We currently use CloudFront at many border locations to serve product images (about half a million) that are dynamically resized in different sizes. Our Cloudfront distribution uses the EC2 php script source code to extract the source image from S3, dynamically converts it based on the specified request criteria (width, height, cropping, etc.) and stream back to Cloudfront, which caches it at the extreme location.
However, a website visitor uploads an uncached image when the first time gets into this rather difficult conversion.
We would like to be able to “pre-cache” our images (using a batch job requesting each image URL) so that end users are not the first to hit an image of a certain size, etc.
Unfortunately, since images are only cached at the Edge Location assigned to the pre-caching service, site visitors using a different Edge location will not receive the cached image and will suffer from heavy script resizing on the source server.

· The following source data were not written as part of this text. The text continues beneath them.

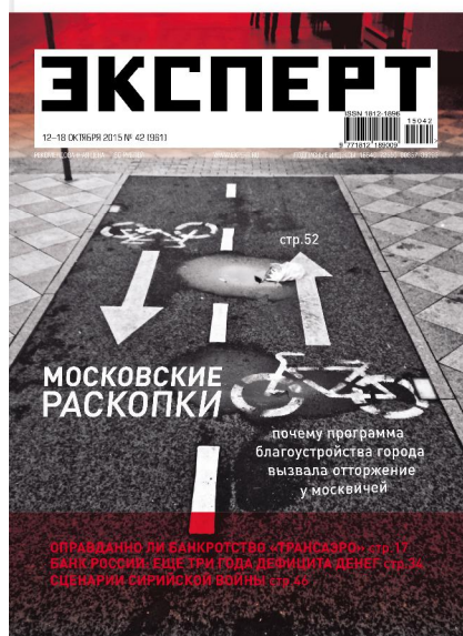
Эксперт №42 (961)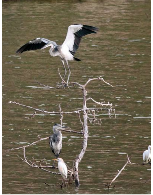
233 Intermediate Egret / Middelste Zilverreiger Mesophoyx intermedia , Barragem de Poilão, Santiago, Cape Verde Islands, 30 April 2011 ( Richard Bonser ) 234 Black-headed Heron / Zwartkopreiger Ardea melanocephala , Barragem de Poilão, Santiago, Cape Verde Islands, 30 April 2011 ( Richard Bonser ) 235 Thayer's Gull / Thayers Meeuw Larus thayeri , fifth-calendar year, San Cibrao, Cervo, Galicia, Spain, 13 March 2011 ( David Calleja ) cf Dutch Birding 33: 142, 2011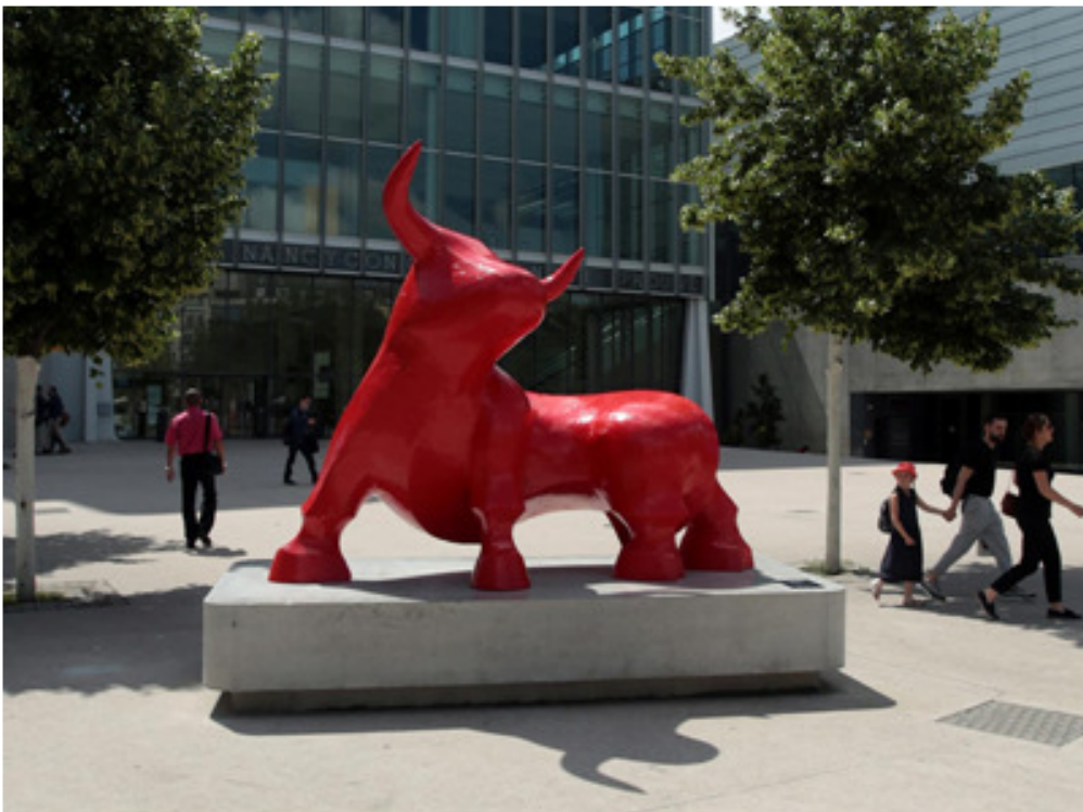
Le Taureau , Gé Pellini, Place de la République, Nancy, 2018.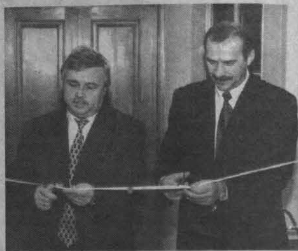
Кафе объявляется открытым...

Новинкой для нашего города оказалась и фирменная (по рассказам, той же фирмы, что и на яхте российского президента) кофеварка, с помощью которой любой желающий может отведать прекрасный итальянский кофе «Данези». А закупленная подobaющего качества оригинальная посуда только придаст процессу вкушения эстетический вид. Добавьте к этому красивый интерьер - плод десятилетнего ремонта, бар и «живую» музыку, новейшую сантехнику, вплоть до импортной посудомойки, чем-то напоминающей душ, раздельные машины, печь для кухон-

The only solution we came up with where each Edge Location can get an image within a reasonable load time is this:
We have a Cloudfront distribution that points to the source of the EC2 php script. But instead of doing the image conversion described above, the start of the script forwards the request and querystring parameters to another Cloudfront distribution. This distribution has a source EC2 PHP script that performs image conversion. Thus, the image is always cached at the Edge location near our EC2 instance (Ireland), which avoids another transformation when the image is requested from another Edge location.
So, for example, a request in Sweden: hit / image / stream / id / 12345, which does not have caching, so it sends a request to the source, which is an EC2 machine in Ireland. Then, the EC2 "streaming" page is loaded, loading / image / size / id / 12345 from another Cloudfront distribution that ends up in the Irish Edge location, which is also not cached. Then it sends a request to the source, again the same EC2 computer, but to the "size" page, which performs the resizing. After that, both at Edge Location in Sweden and Ireland, the image is cached.
Now a request from France is requesting the same image. The French border location does not have caching, so it calls the source, which is the EC2 machine in Ireland, which names the second CF distribution, which again falls into the Irish edge location. This time it has image caching and can immediately return it. Now the French Edge Location also has image caching, but without having to call the page "resize" - just a "streaming" page with a cached image in Ireland.
It also means that our “pre-cached” batch service in Ireland may request Edge Location from the Irish region and pre-cache images before they are requested by our site visitors.
We know that this looks a little absurd, but with the desire we have that the end user should never wait long for the image to be resized, this seems like the only tangible solution.
Have we missed another / better solution? Any comments on the above?